- Ingredients
- 75g MAGGI Béchamel Sauce
- 125ml cold water
- 375ml boiling water
- Small bunch fresh parsley, finely chopped
- ½tsp MAGGI Vegetable Liquid Concentrated Fonds
- 300g plain flour
- 750ml semi-skimmed milk
- 3 medium eggs, beaten
- 200ml oil
- 800g mixed seafood, such as mussels, prawns or calamari
Ingredients
Method
Method
To make the bechamel sauce: stir the béchamel powder into 125ml of cold water until it forms a smooth paste. Whisk this paste into the boiling water and simmer for one minute. Pour into a clean bowl and add the parsley and vegetable fond. Cover and set aside.
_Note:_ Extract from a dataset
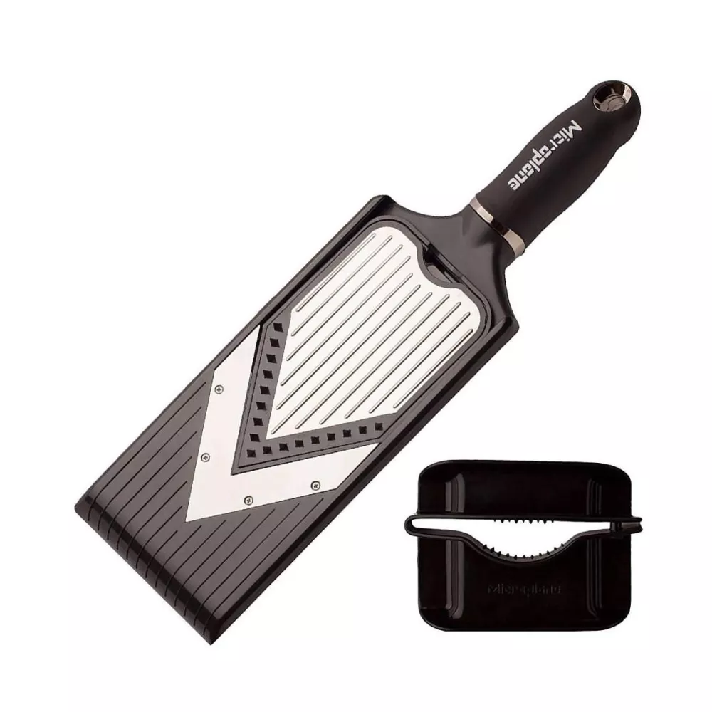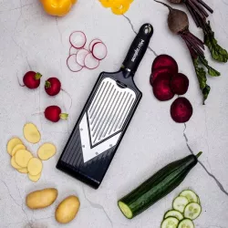 With the new adjustable V-shaped mandoline, you can quickly, precisely, and effortlessly slice fruits, vegetables, and cheeses. In addition to cutting food into slices, thanks to the julienne insert, you can create long, thin strips of the desired thickness.

To make the pancakes: place the flour into a large bowl. Slowly combine the milk & eggs to a smooth paste. Heat some of the oil in a large non-stick pan. Add just enough mixture to cover the pan base thinly. Cook for a few seconds and then turnover to cook the other side. Remove and place to one side. Repeat until all the mixture is used.
Place the seafood into a clean bowl and add just enough sauce to combine and hold the mixture together.
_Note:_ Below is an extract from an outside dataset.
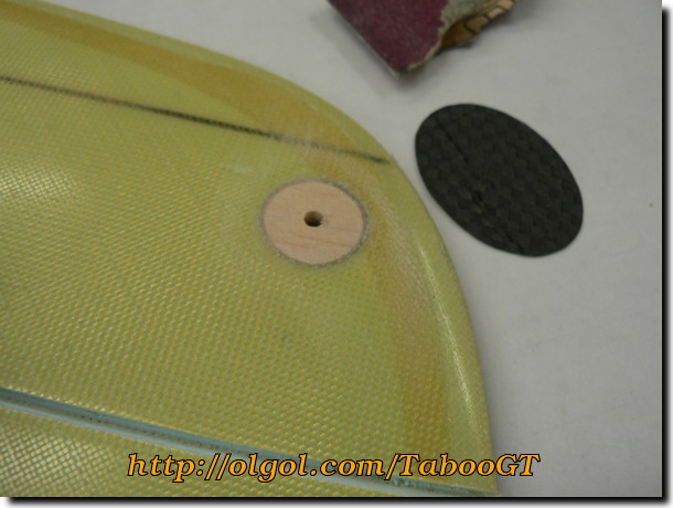 133. Glue one patch to the wing over the balsa plug. Drill a pilot hole through the middle of the balsa plug.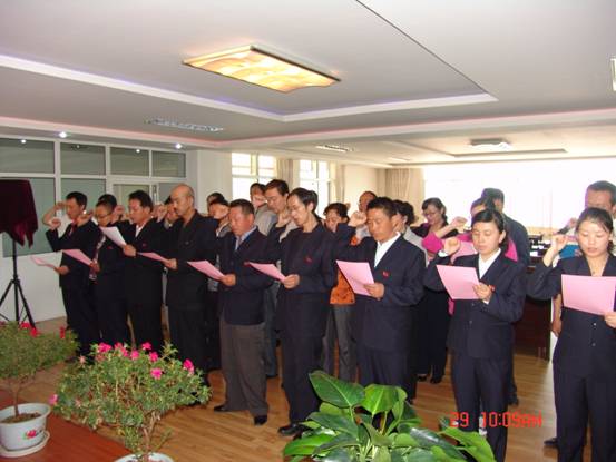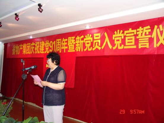 我宣誓:"我志愿加入中國共產黨,擁護黨的綱領,遵守黨的章程,履行黨員義務,執行黨的決定,嚴守黨的紀律,保守黨的秘密,對黨忠誠,積極工作,為共產主義奮斗終身,隨時準備為黨和人民犧牲一切,永不叛黨"。6月29日上午10∶00時,17名新加入黨組織的中國共產黨預備黨員、所屬各黨組織書記、老黨員代表等30余人的莊嚴宣誓,標志著青海物產系統慶祝建黨91周年系列活動正式展開。

Lay a pancake on a flat clean chopping board. Spoon a small amount of the seafood onto a quarter of the pancake. Fold the pancake in half to form a semi-circle and then in half again to form a quarter circle.
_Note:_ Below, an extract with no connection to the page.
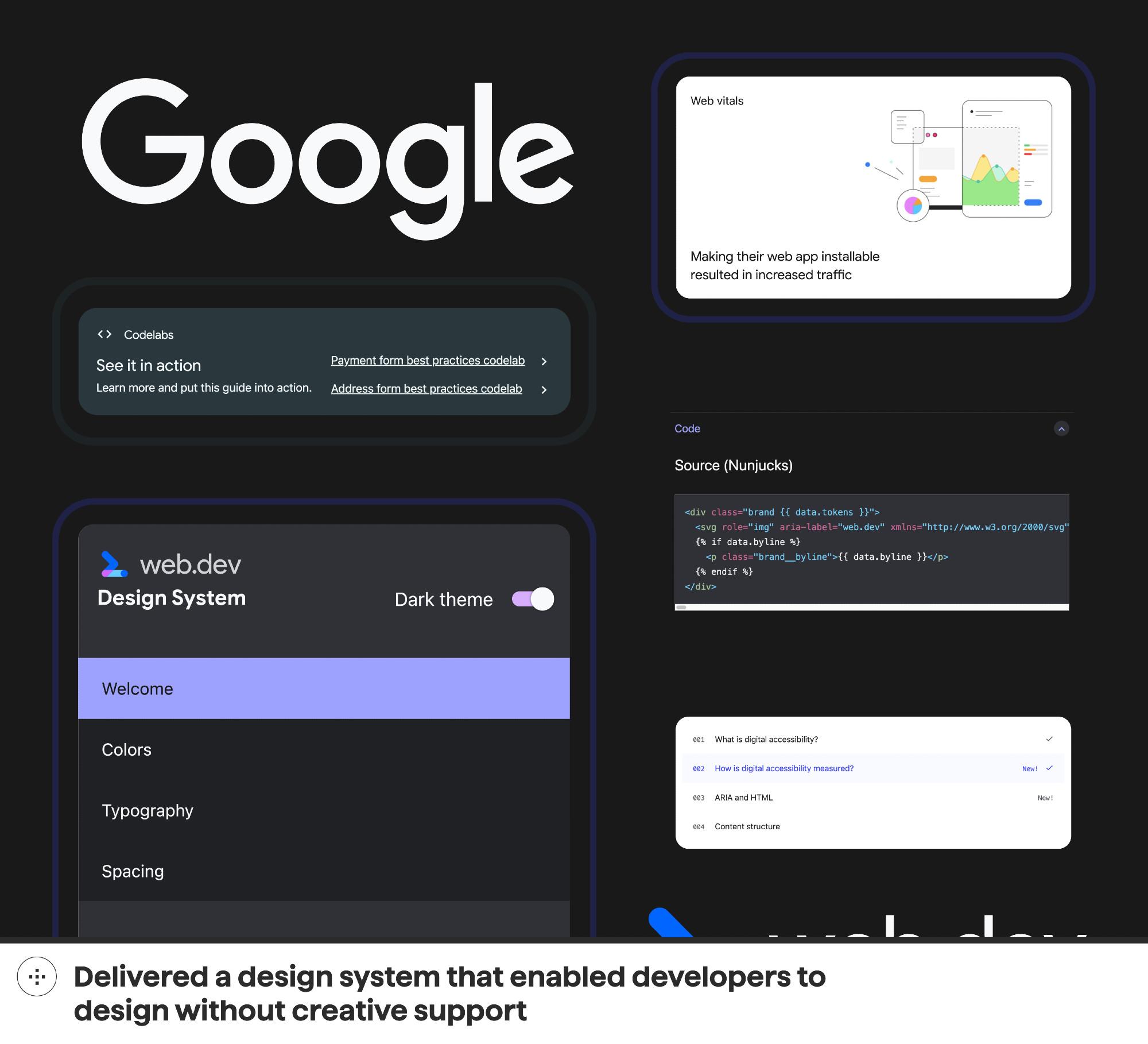 A composition of selected elements from the “web.dev” website by Google, showcasing its design system, web vitals insights, code examples, and accessibility guidelines. The layout features a dark theme with a modern interface. The caption reads “Helped grow a 6 figure a year revenue business to an 8 figure a year business”

Place into an oven proof dish and repeat until all pancakes are filled and folded.
Coat with the remaining sauce and place in an oven preheated to 180°C to heat through, or pan fry individual portions to order.
Check that the temperature is at least 75°C in the centre before serving with a crisp dressed salad and a few shell-on mussels.